_Task requirements:_
Range to output from the entries below: the line containing "최근 한국의 상속세 부담이" through the line containing "Fig. 2. Layout". Set it down exactly, ends included, nothing else.

_Dataset excerpts:_
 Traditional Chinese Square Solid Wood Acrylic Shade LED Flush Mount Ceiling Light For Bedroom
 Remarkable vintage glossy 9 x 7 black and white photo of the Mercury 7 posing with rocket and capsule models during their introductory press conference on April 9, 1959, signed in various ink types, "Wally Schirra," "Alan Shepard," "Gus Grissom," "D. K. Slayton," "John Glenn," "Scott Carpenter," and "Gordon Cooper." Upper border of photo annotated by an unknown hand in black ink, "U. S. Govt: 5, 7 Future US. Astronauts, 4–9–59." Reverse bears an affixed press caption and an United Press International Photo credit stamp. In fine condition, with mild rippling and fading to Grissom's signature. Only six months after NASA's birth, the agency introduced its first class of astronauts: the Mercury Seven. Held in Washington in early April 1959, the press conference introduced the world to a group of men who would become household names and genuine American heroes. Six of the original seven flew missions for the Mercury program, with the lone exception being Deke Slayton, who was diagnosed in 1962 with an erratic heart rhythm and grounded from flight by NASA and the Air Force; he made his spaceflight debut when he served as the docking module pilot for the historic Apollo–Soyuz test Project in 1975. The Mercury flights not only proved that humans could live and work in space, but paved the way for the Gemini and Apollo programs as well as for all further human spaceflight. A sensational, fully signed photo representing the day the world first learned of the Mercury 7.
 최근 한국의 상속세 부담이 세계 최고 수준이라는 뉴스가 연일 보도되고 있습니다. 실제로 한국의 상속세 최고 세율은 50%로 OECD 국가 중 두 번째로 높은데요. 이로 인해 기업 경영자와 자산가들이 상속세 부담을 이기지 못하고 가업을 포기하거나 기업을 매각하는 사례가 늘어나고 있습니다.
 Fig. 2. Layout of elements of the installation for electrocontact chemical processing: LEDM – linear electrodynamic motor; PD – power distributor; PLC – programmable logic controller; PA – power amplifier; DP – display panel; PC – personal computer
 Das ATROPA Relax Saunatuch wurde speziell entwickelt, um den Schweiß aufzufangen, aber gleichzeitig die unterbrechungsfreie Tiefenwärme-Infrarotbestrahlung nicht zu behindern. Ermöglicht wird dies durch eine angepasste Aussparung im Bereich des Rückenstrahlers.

...

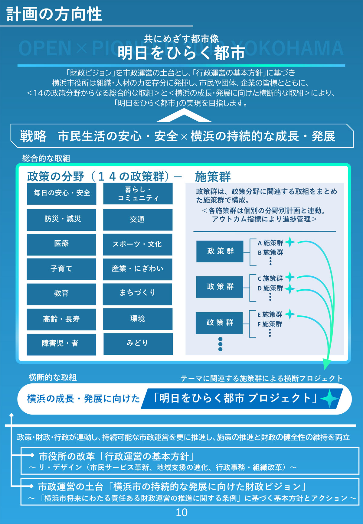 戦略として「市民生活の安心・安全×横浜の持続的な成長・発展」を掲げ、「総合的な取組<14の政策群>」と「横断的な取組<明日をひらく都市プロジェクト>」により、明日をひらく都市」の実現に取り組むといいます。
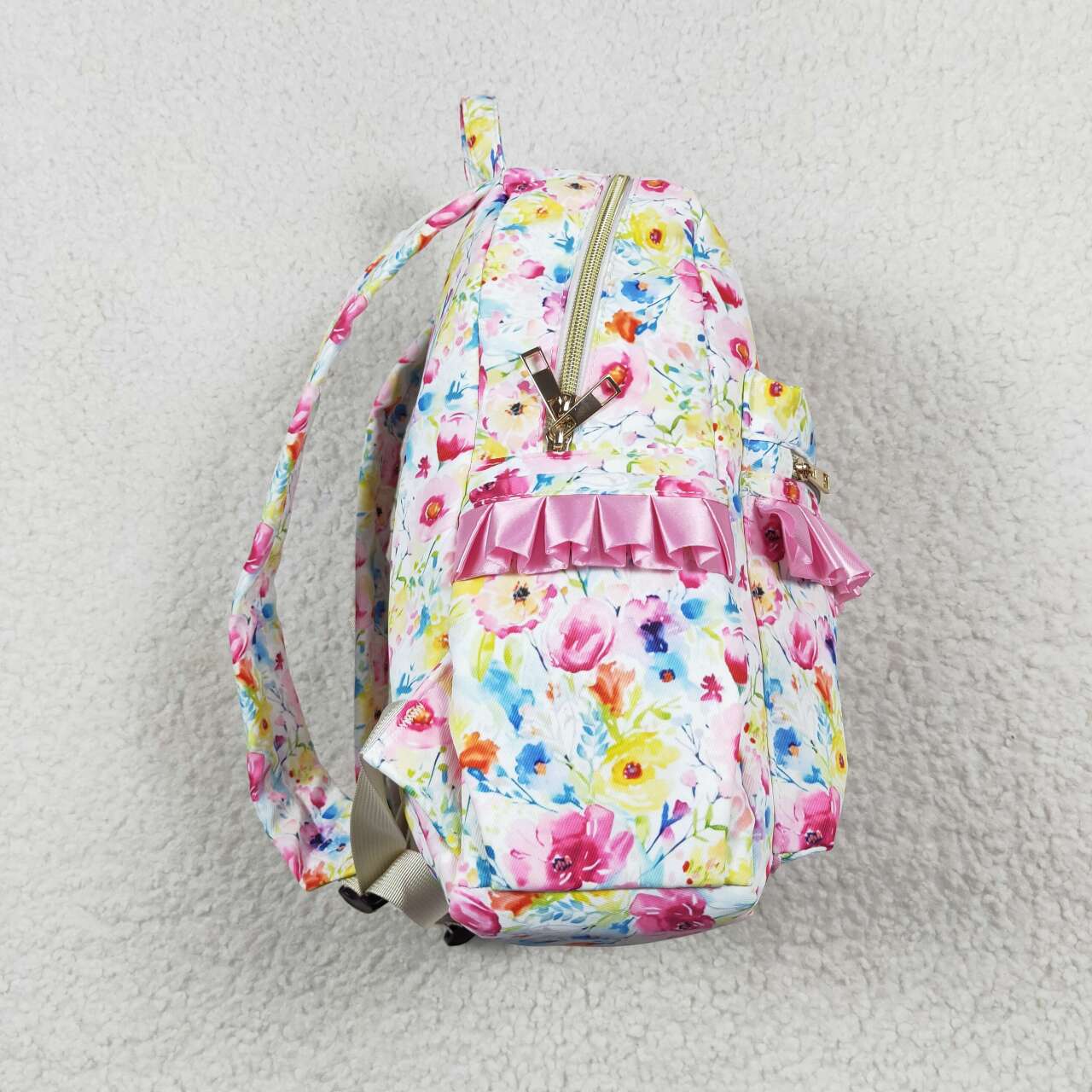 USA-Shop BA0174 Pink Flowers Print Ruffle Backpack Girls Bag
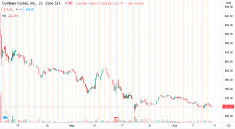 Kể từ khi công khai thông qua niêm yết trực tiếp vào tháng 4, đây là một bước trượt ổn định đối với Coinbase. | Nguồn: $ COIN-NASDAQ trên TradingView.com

---

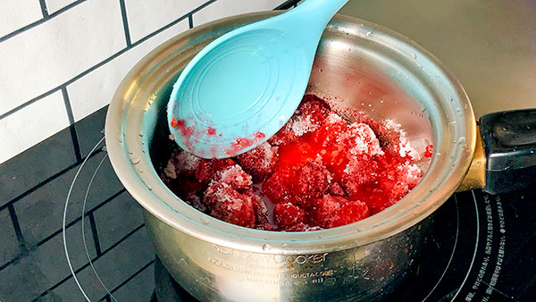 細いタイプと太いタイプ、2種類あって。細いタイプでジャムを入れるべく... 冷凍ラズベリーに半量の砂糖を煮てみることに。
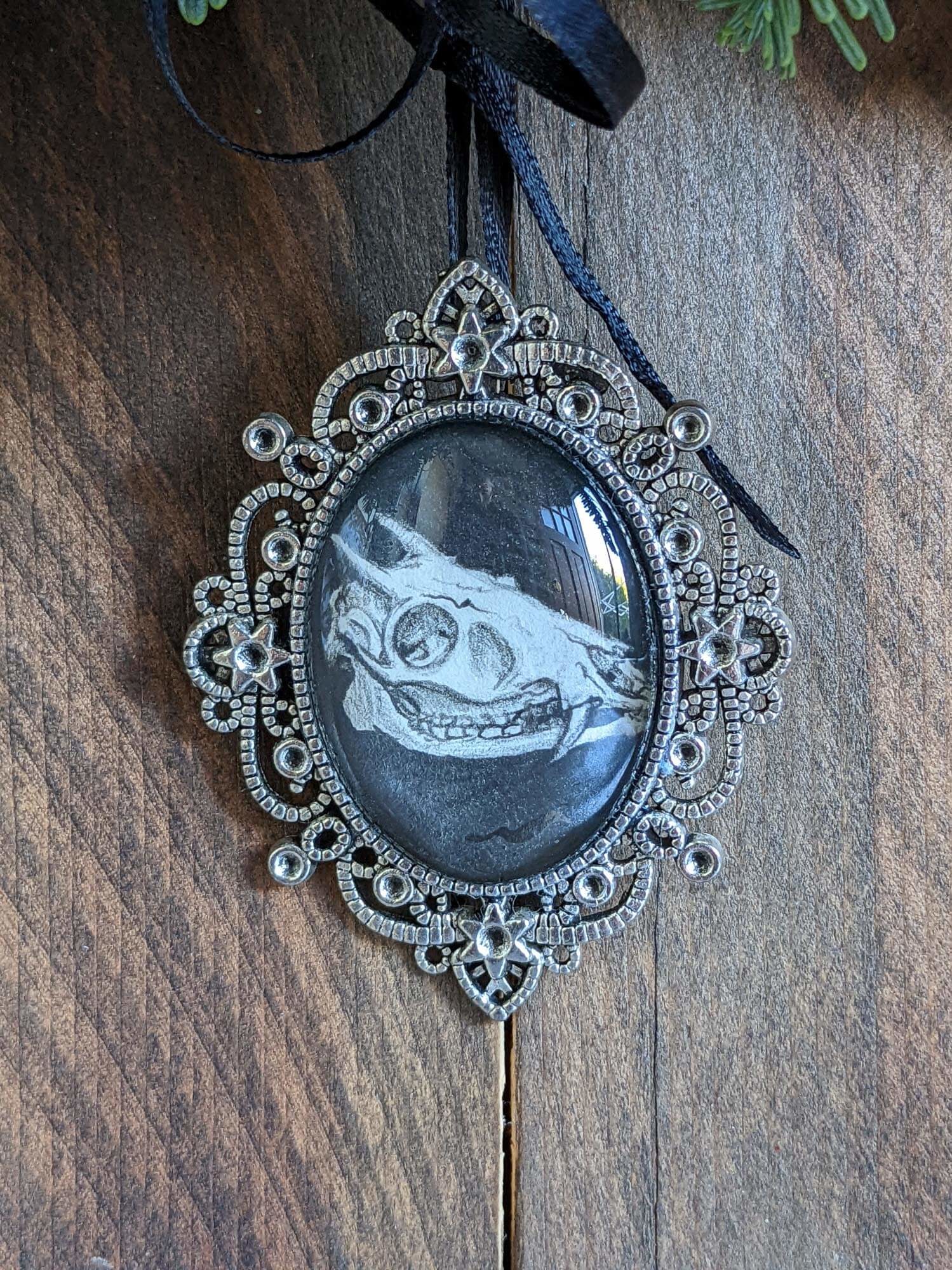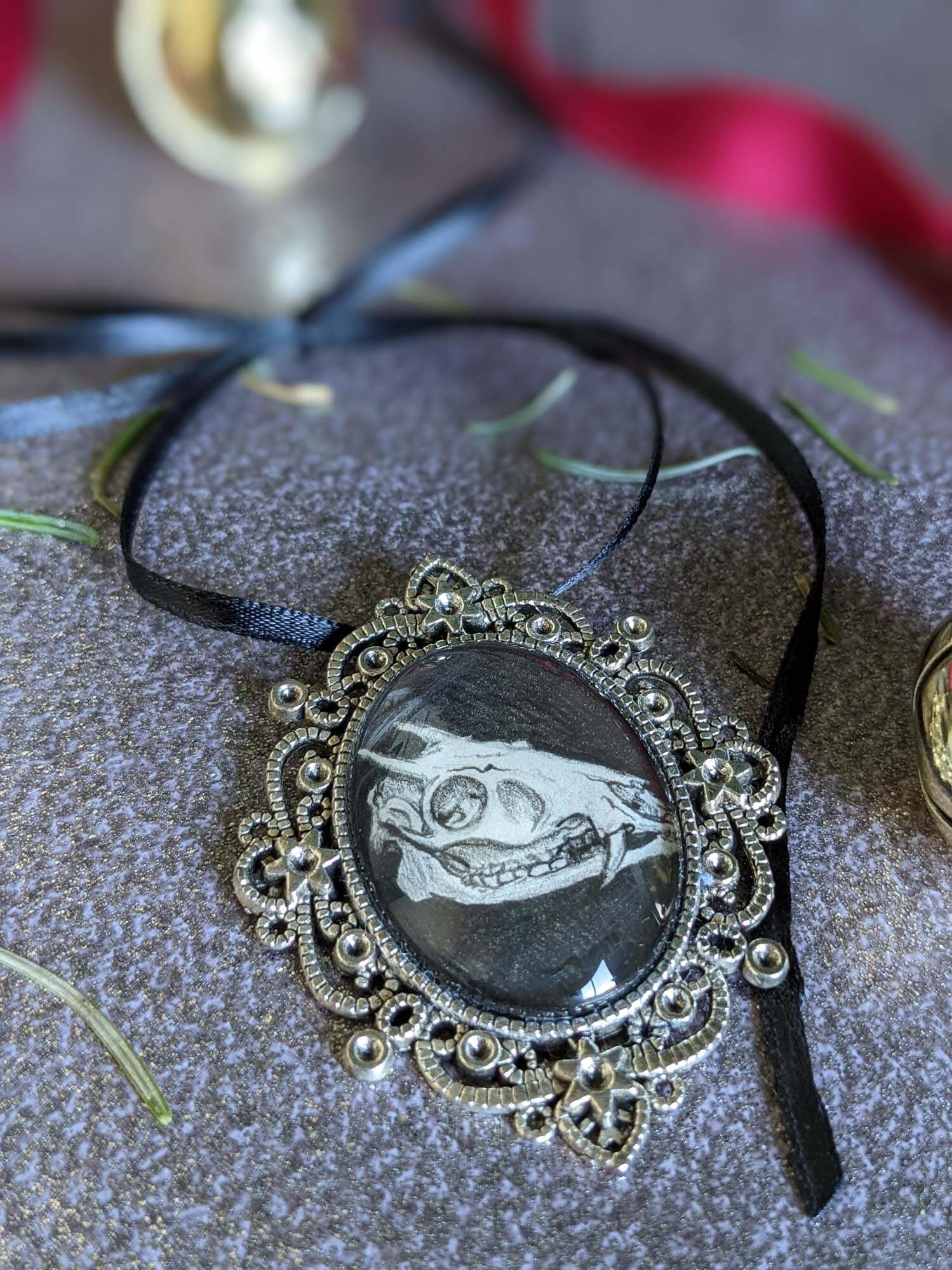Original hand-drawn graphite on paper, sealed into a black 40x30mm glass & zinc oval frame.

_Solution to the exercise:_
 최근 한국의 상속세 부담이 세계 최고 수준이라는 뉴스가 연일 보도되고 있습니다. 실제로 한국의 상속세 최고 세율은 50%로 OECD 국가 중 두 번째로 높은데요. 이로 인해 기업 경영자와 자산가들이 상속세 부담을 이기지 못하고 가업을 포기하거나 기업을 매각하는 사례가 늘어나고 있습니다.
 Fig. 2. Layout of elements of the installation for electrocontact chemical processing: LEDM – linear electrodynamic motor; PD – power distributor; PLC – programmable logic controller; PA – power amplifier; DP – display panel; PC – personal computer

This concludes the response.